**Task requirements**
Go to the line holding "Women’s Blazer Work" in the data below and repeat it exactly, then each line after it up to and including the one holding "sophistication and style.". Omit pictures.

**Data**
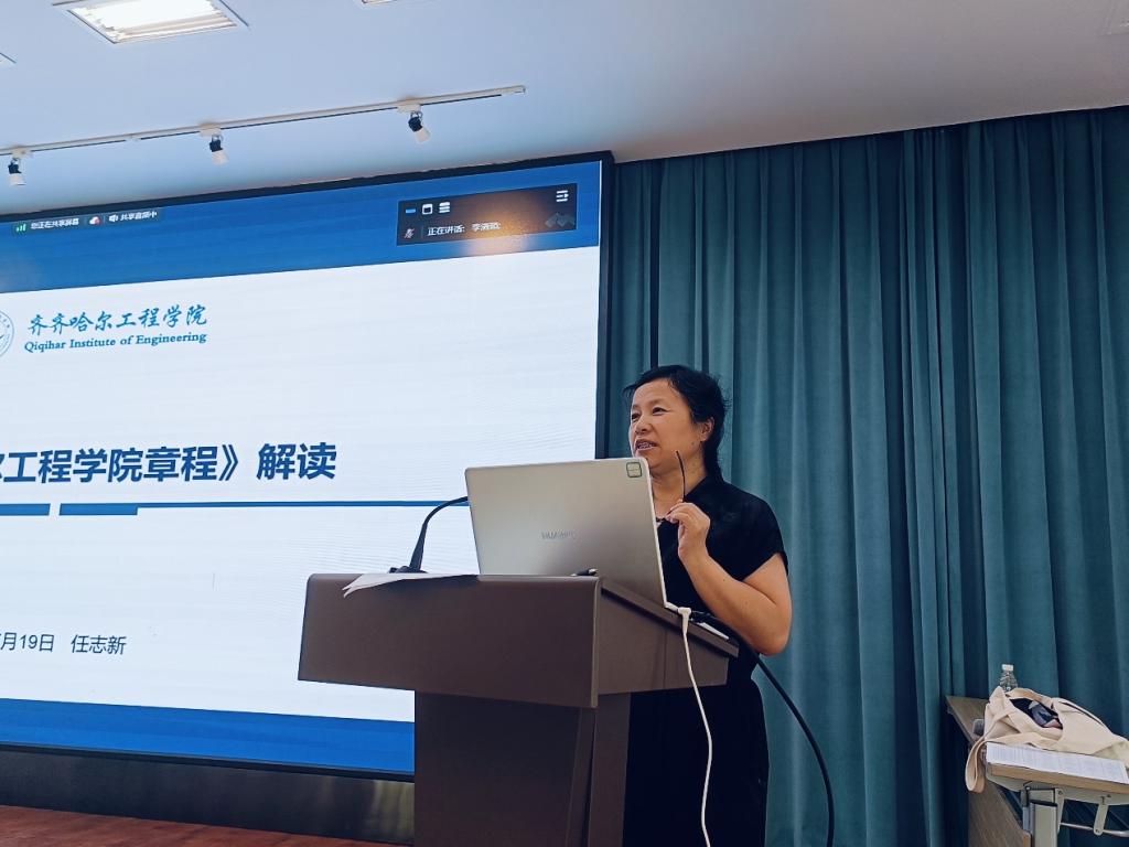 评建办教师任志新作题为《齐齐哈尔工程学院章程解读》的讲座,深入浅出地为新教师解读了齐齐哈尔工程学院的章程建设历史及主要内容。
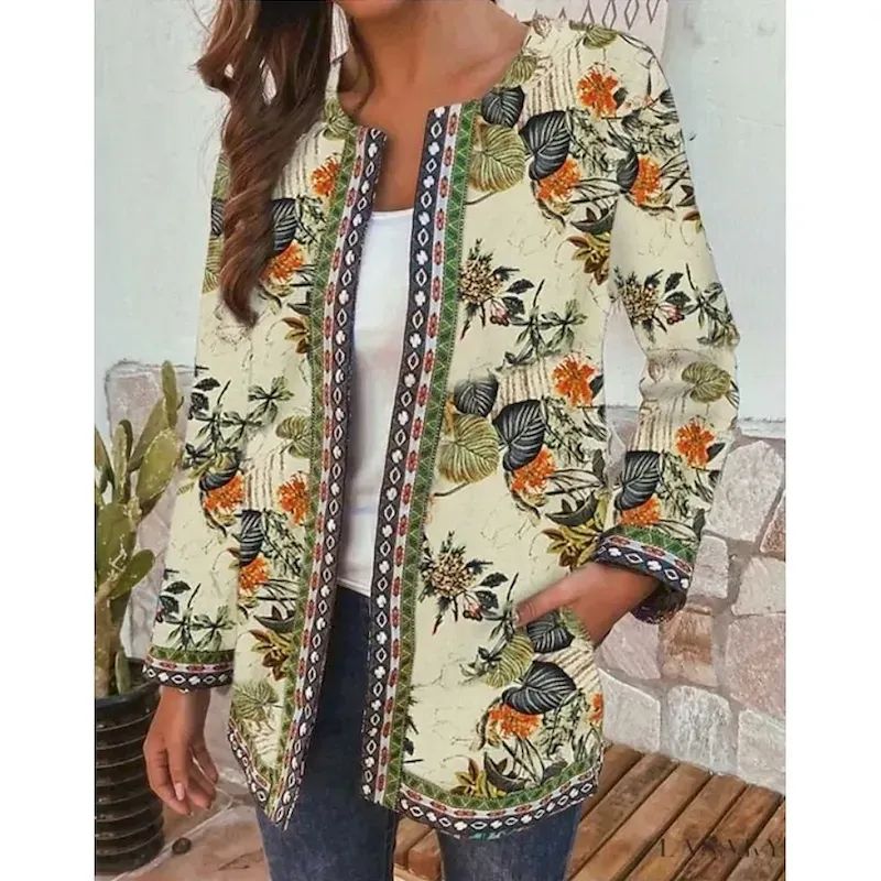 Women’s Blazer Work Print Floral Comfortable Elegant Regular Fit Outerwear Long Sleeve Fall Yellow S
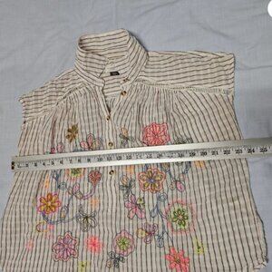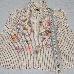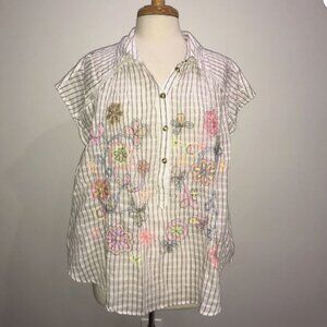 Half button-down ("popover") style is embroidered with flowers , making it a versatile addition to any wardrobe. Perfect for both casual and formal occasions, this top exudes sophistication and style.
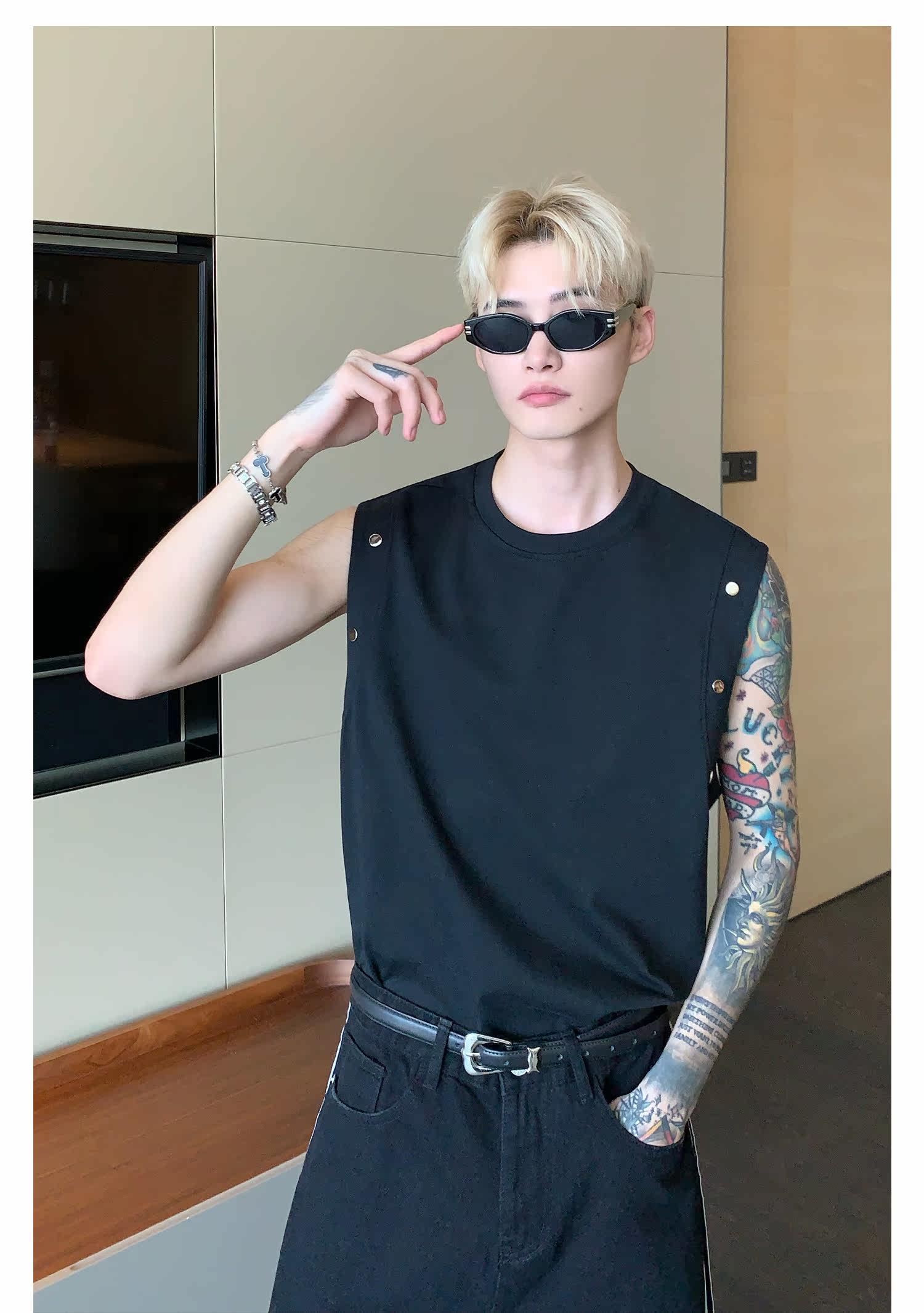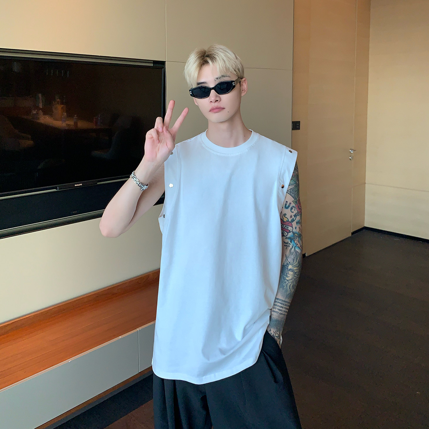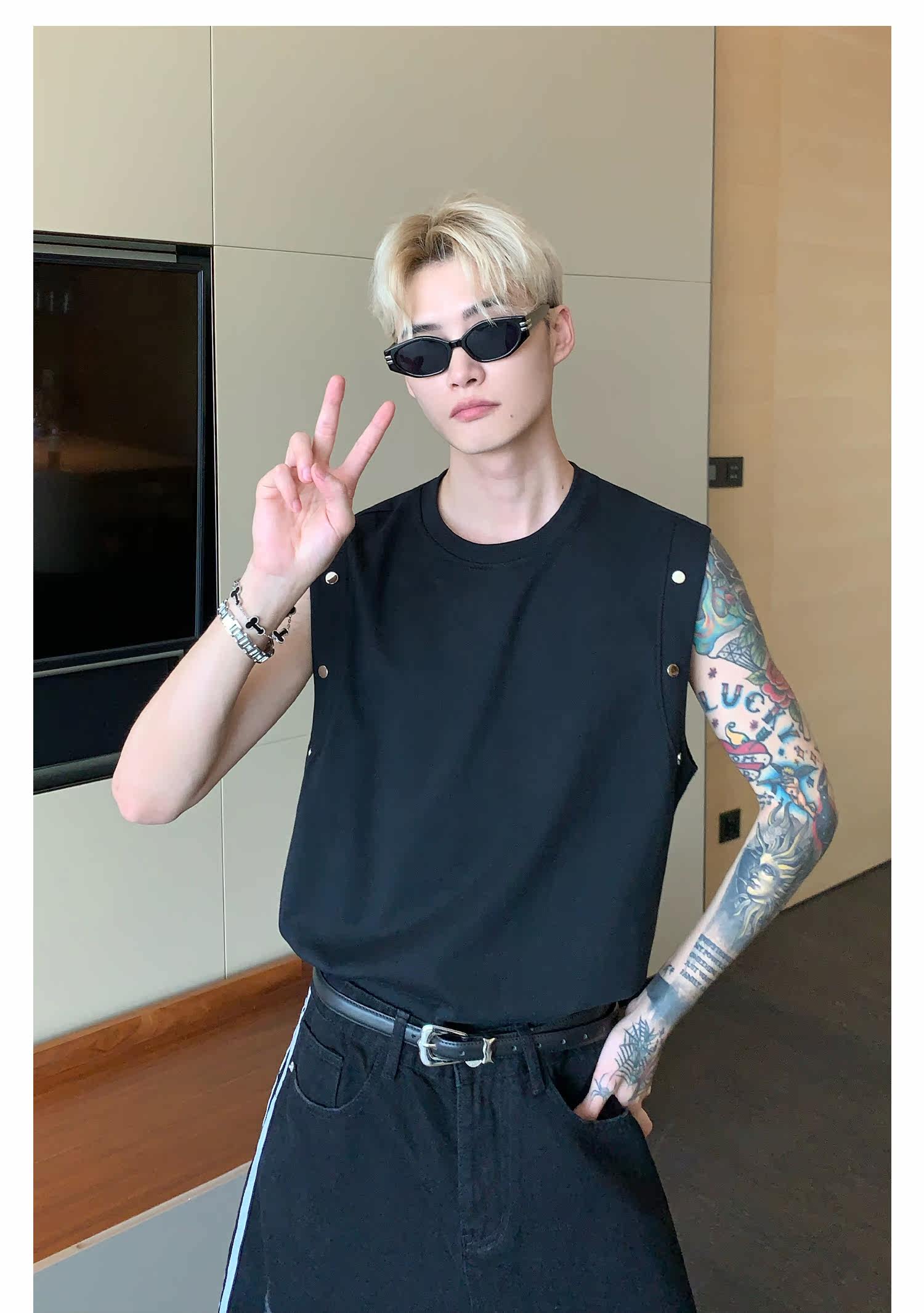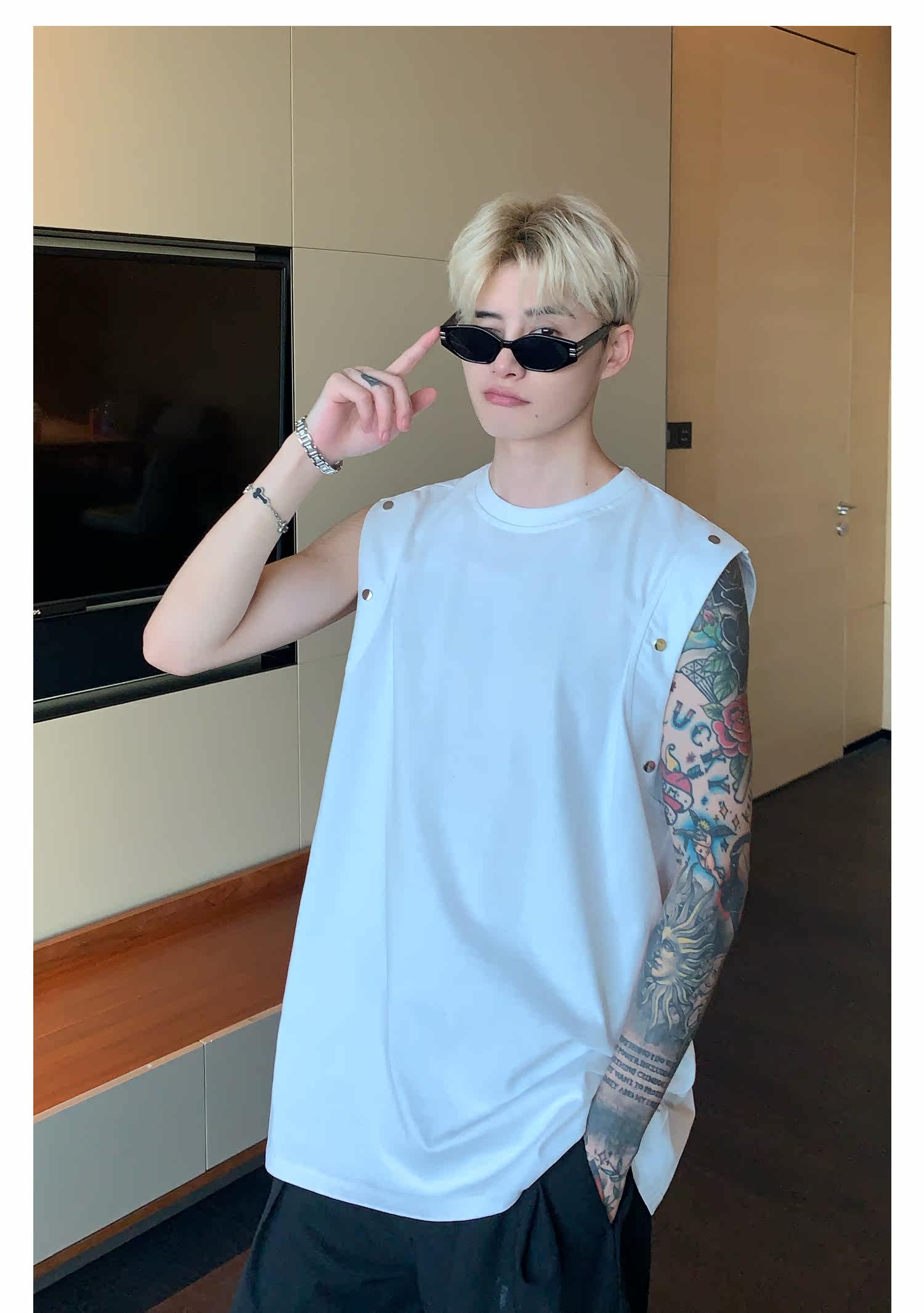 Небольшой дизайнерский летний жилет без рукавов для отдыха, футболка, тренд сезона, оверсайз

**Task result**
 Women’s Blazer Work Print Floral Comfortable Elegant Regular Fit Outerwear Long Sleeve Fall Yellow S
 Half button-down ("popover") style is embroidered with flowers , making it a versatile addition to any wardrobe. Perfect for both casual and formal occasions, this top exudes sophistication and style.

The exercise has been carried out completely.